What lies beneath: Hydra provides cnidarian perspectives into the evolution of FGFR docking proteins.

机构信息

Morphology and Evolution of Invertebrates, Philipps University, FB17, Karl von Frisch Str. 8, 35032, Marburg, Germany.
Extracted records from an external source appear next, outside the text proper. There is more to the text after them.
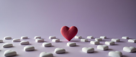 AI Generated. Red Heart Among White Hearts on Lavender Background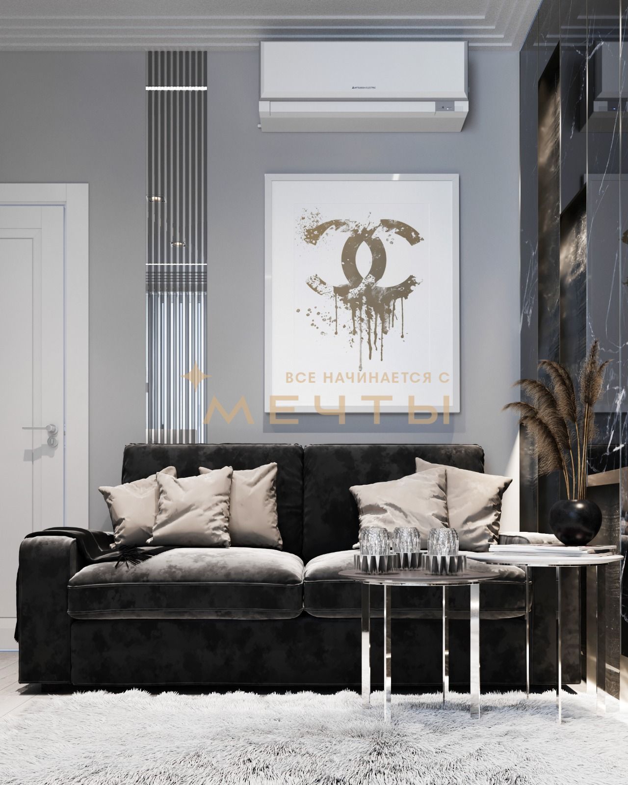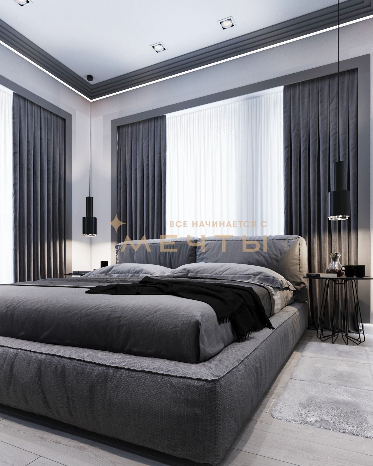 В стоимость входит все, что есть на визуализациях: качественный ремонт, мебель, техника, аксессуары и текстиль.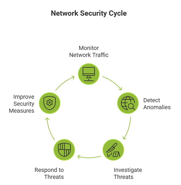 Traditional signature-based detections only catch known threats. Network monitoring with behavioral analytics enables spotting: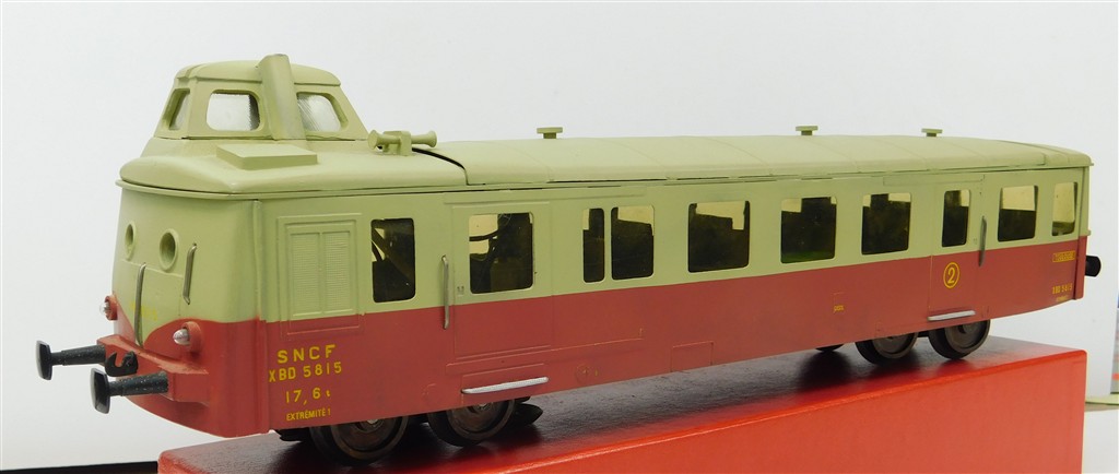 An AS 0 gauge 3 rail French SNCF Picasso railcar XBD 5815 of Toulouse, made in France circa 1989, in very good condition, a good runner but the pickups need to be kept clean for it to run well, supplied in the original wooden box with a rather terse information sheet. A substantial heavy model, mainly metal construction, weighs 2.5kg!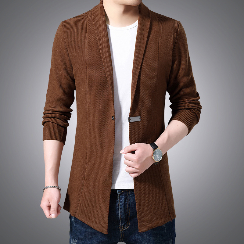 • 秋冬男士纯色外套中长款韩版帅气男装羊毛衣开衫青中年针织线衫潮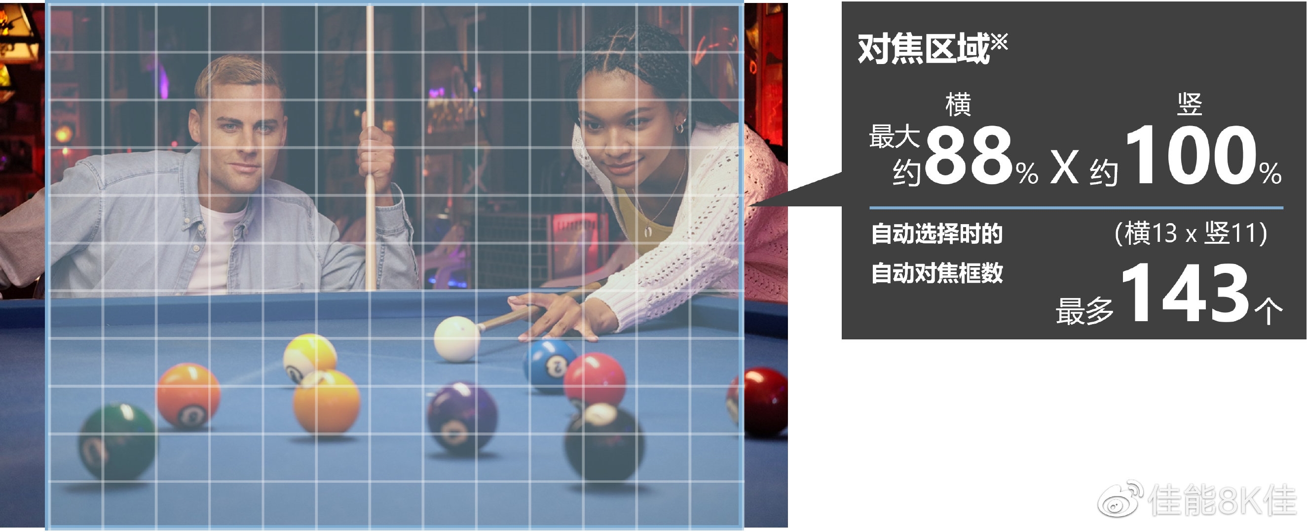 支持全像素双核自动对焦,可实现在较大范围内高速对焦,在88%×100%对焦区域内最多有143个自动对焦框,另外还可以实现伺服自动对焦最高约3.5张/秒的连拍,以及单次自动对焦下最高约6.5张/秒的连拍速度。

DFG Research Training Group, Membrane Plasticity in Tissue Development and Remodeling, GRK 2213, Philipps-Universität Marburg, Marburg, Germany.

出版信息

Dev Genes Evol. 2020 May;230(3):227-238. doi: 10.1007/s00427-020-00659-4. Epub 2020 Mar 20.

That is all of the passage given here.